1. Handelt es s sich in diesem Roman um das Lebens bekannten Males? 2. Handelt es s sich in diesem Gedicht um die Liebe? 3. Yeni Bir Romanda Neler Oluyor? 4. Wissenschaft Gehandelt'ten kısa bir özet mi istiyorsunuz? 5. Bu, Fachleuten'in bir parçası olarak bir Gespräch'ta mı? 6. Handelt es s sich in der Antwort des Professors um seinen neuen Artikel? 7. Albert Einstein ile bir film ve bir Leben ile aynı şey mi?

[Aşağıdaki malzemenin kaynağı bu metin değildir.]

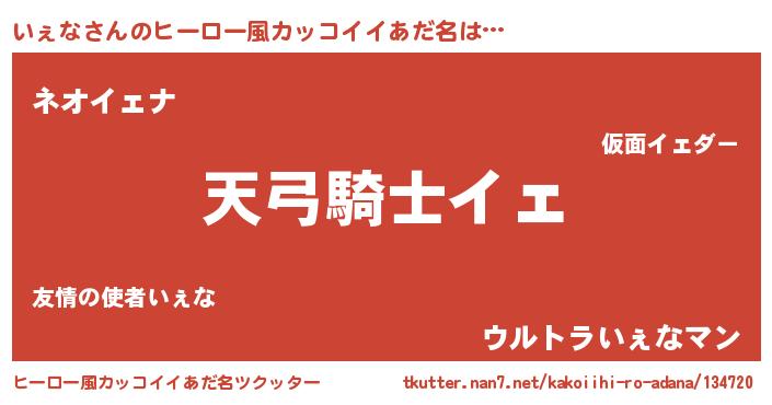 | 男性向けラノベタイトル風あだ名 | 『いぇなの嫁は女の子じゃないと思った?』 |
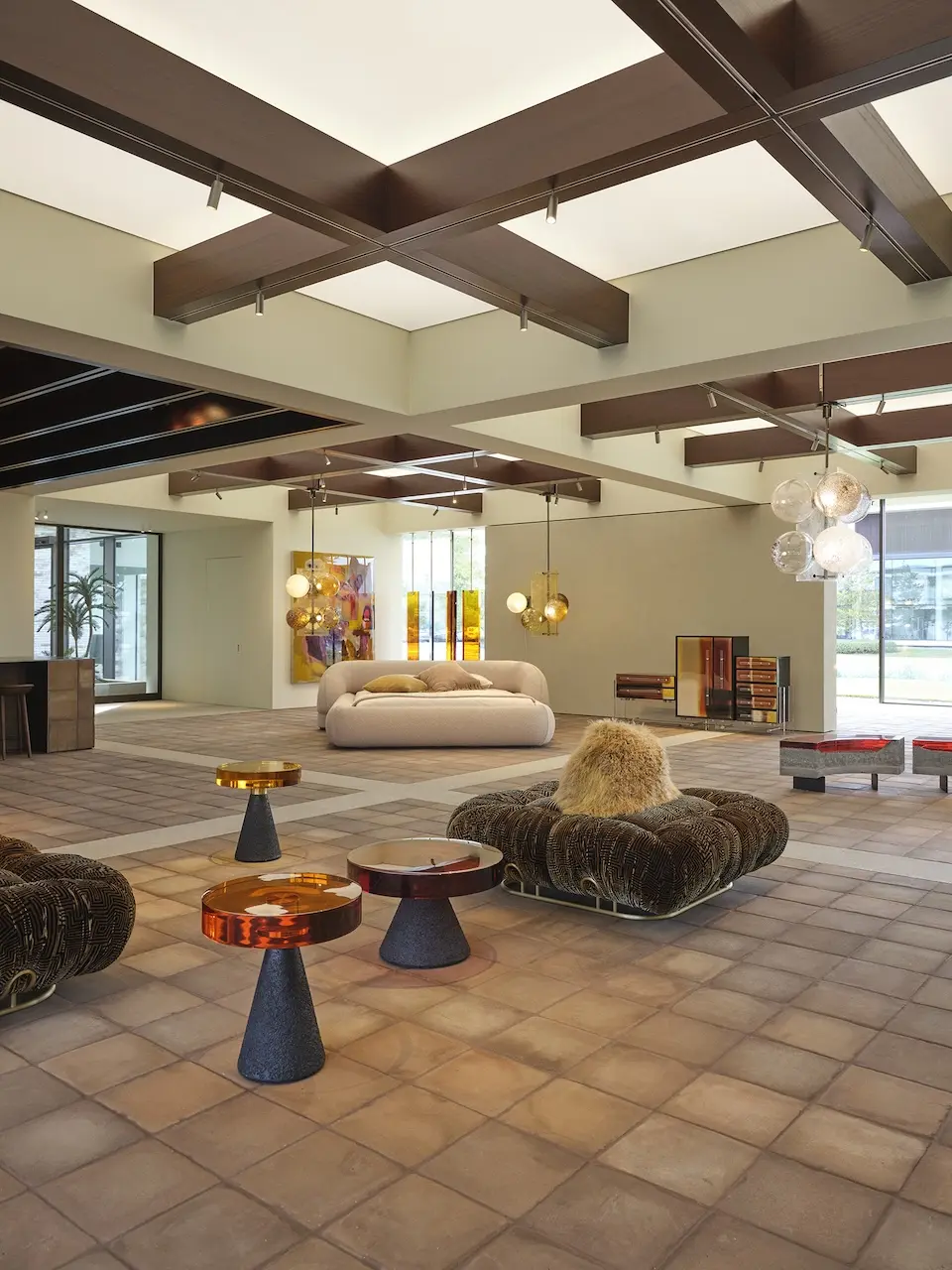 La materia diventa terreno di sperimentazione, di ricerca e di ispirazione. La resina epossidica, a rivestimento o a spessore, trasforma gli oggetti del passato e disegna nuovi scenari di luce e colore. Il cemento, a contrasto, invita a una riflessione intima con le sue trame decise. Accanto ad essi, per la prima volta, il vetro soffiato lavorato nelle fornaci di Murano: simbolo di eccellenza, manualità e tradizione.

11. İfadenin içeriğine katılmadığınızı ifade edin ve parantez içindeki kelimeleri kullanarak ayrıntılı bir cevap verin. Cevaplarınızda Das stimmt nicht ifadesini kullanın.
Örnek: Bu nedenle Vortrag, bir Türk'ün bekannten Arztes'i haline geldi. Nasılsın? (das Leben und Wirken eines Schriftstellers) - Hayır, das stimmt nicht. Disem Vortrag handelt es sich um das Leben ve Wirken eines Schriftstellers.
1. In dieser Vorlesung handelt es sich um die Geschichte Berlins. Nasılsın? (Geschichte Leipzigs) 2. Lektion'un yönetimi Humboldt Üniversitesi'nin aynısıdır. Nasılsın? (Friedrich-Schiller-Universität). 3. Im Text elt es um die Arbeit im Werk. Nasılsın? (freizeit) 4. Im Text, Lomonossow-Universität'taki Studium'la aynı yerde. Nasılsın? (Leipzig'deki Studium an der Universität'ta) 5. Im Text elt es um die Stadt Dresden. Nasılsın? (die Stadt Berlin) 6. Im Text elt es sich um das Studium der deutschen Sprache. Nasılsın? (das Studium der russischen Sprache) 7. Im Text handelt es sich um den Ruhetag eines Schülers. Nasılsın? (der Arbeitstag eines Fernstudenten)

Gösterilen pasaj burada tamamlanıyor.